Su esposa estaba en la playa, esperando presenciar un proyectado lanzamiento. Su afición a los cohetes espaciales había sido la causa de su muerte.

Floyd estaba durmiendo en el hotel, en una de las camas gemelas de su habitación. Vic, que no había cumplido los dos años, dormía en su cuna. Vic no se había despertado. Floyd lo envolvió en una manta y salió corriendo en medio de la oscuridad.

«¡Todos los que estaban en la playa han muerto!», gritó alguien, y Floyd subió a su automóvil y se marchó en dirección opuesta, hacia el centro experimental de proyectiles dirigidos, pensando en los refugios de hormigón armado que podían proporcionarles protección a su hijo y a él contra el ataque.

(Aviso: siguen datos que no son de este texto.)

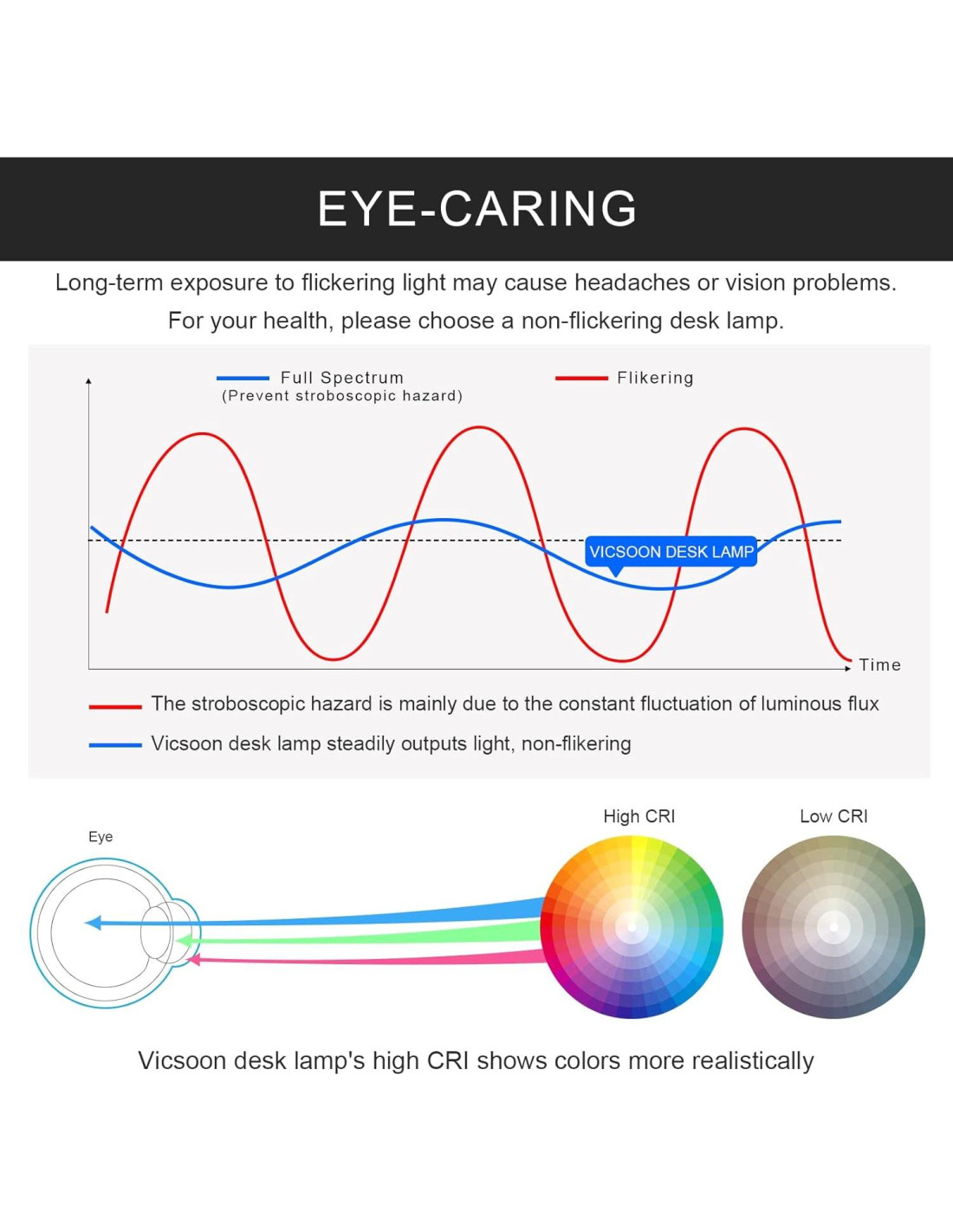 - Lámpara LED que Cuida los Ojos: Las lámparas de escritorio superbrillantes tienen 56 perlas LED que pueden producir 800 lúmenes de luz a una potencia máxima de 8W. Tienen una vida útil de 50,000 horas y una tasa de CRI de 90+. Incluso usadas durante períodos prolongados, un panel acrílico y la suave luz no parpadeante ayudan a prevenir la fatiga ocular.

En la verja de entrada no había nadie y Floyd la cruzó a toda velocidad, encaminándose hacia las grúas silueteadas contra el resplandor de los incendios.

El
Proyecto Magellan
les había salvado. El
Magellan
era el cohete espacial cuyo lanzamiento esperaba presenciar su esposa. Los dos astronautas que debían tripularlo habían sido las primeras víctimas del inesperado ataque, y el lanzamiento no había tenido lugar.

Pero todo estaba preparado. Los soldados permanecían en sus puestos esperando órdenes. El vehículo espacial, dispuesto para el lanzamiento, se erguía contra el cielo, alargado y liso.

Floyd, conduciendo sin rumbo fijo a través del pandemonio de la base, llegó a la zona del
Proyecto Magellan
.

—¡Eh! ¡El del automóvil! Póngase a cubierto! —aulló un centinela de uniforme.

Floyd detuvo el automóvil. El soldado —llevaba los suficientes galones como para ser un sargento, pero Floyd no estaba al corriente de las nuevas categorías de la Aviación— le ayudó a transportar a Vic al refugio de hormigón.

* * *

Mientras estaba allí, sorbiendo una taza de café y haciéndole comer a Vic un trozo de chocolate que uno de los soldados le había dado, la radio dio las noticias.

«Aquí, Washington —dijo, con la voz de la derrota—. Hemos sido vencidos. Nueva York dice lo mismo. Chicago no contesta. San Francisco se ha rendido. Ottawa permanece en silencio. Colorado Springs y Omaha han sido destruidas. Vanderberg y Cañaveral han quedado inutilizadas.»

—Esto es el infierno —dijo el sargento.

—Cállese, sargento. Escuche.

«En la imposibilidad de reorganizar nuestras fuerzas, las instrucciones son las siguientes: Prepararse para la guerra de guerrillas. Rendirse únicamente ante la fuerza del número y bajo la amenaza de aniquilación. Destruir todo el material que no pueda ser utilizado eficazmente contra el enemigo y que pueda caer en sus manos. Que el Cielo nos ayude. Por orden del Jefe superviviente de mayor graduación, Coronel del Cuerpo de Transmisiones, Robert G. Hayden.»

—¡Coronel! —dijo el sargento—. ¿Es eso lo mejor que nos queda?

—¡Transmisiones! —exclamó un cabo—. La situación debe ser realmente grave.

—¡Dios mío! —murmuró el sargento—. Hasta ahora, nunca me habían hablado de rendición..., ni siquiera en Corea.

—Aquí tenemos algo que destruir —dijo el cabo—. El cohete.

—Calma, calma —dijo el sargento—. Cumpliremos las órdenes recibidas. Haremos la guerra de guerrillas. Pero antes tenemos que poner a salvo al personal civil y evitar que el cohete caiga en manos del enemigo. Y creo que podemos hacer las dos cosas al mismo tiempo... —Evidentemente había estado pensando en aquella solución. Se volvió hacia Floyd—. ¿Qué le parece la idea de darse un pequeño paseo con el niño?

Floyd parpadeó, asombrado.

—¿Por el espacio?

—Exactamente. Por lo que veo, no puede usted convertirse en guerrillero. ¿No quiere usted marcharse? De acuerdo. Destruiremos el cohete. Pero, en tal caso tendrá usted que arreglárselas como pueda. Nos será imposible ayudarle. La otra solución es embarcar en el
Magellan
. Todo está preparado para el lanzamiento. El cohete contiene provisiones para dos personas durante treinta años. Pasará mucho tiempo antes que el niño consuma como un adulto, de modo que las provisiones durarán un poco más. ¿Qué dice usted?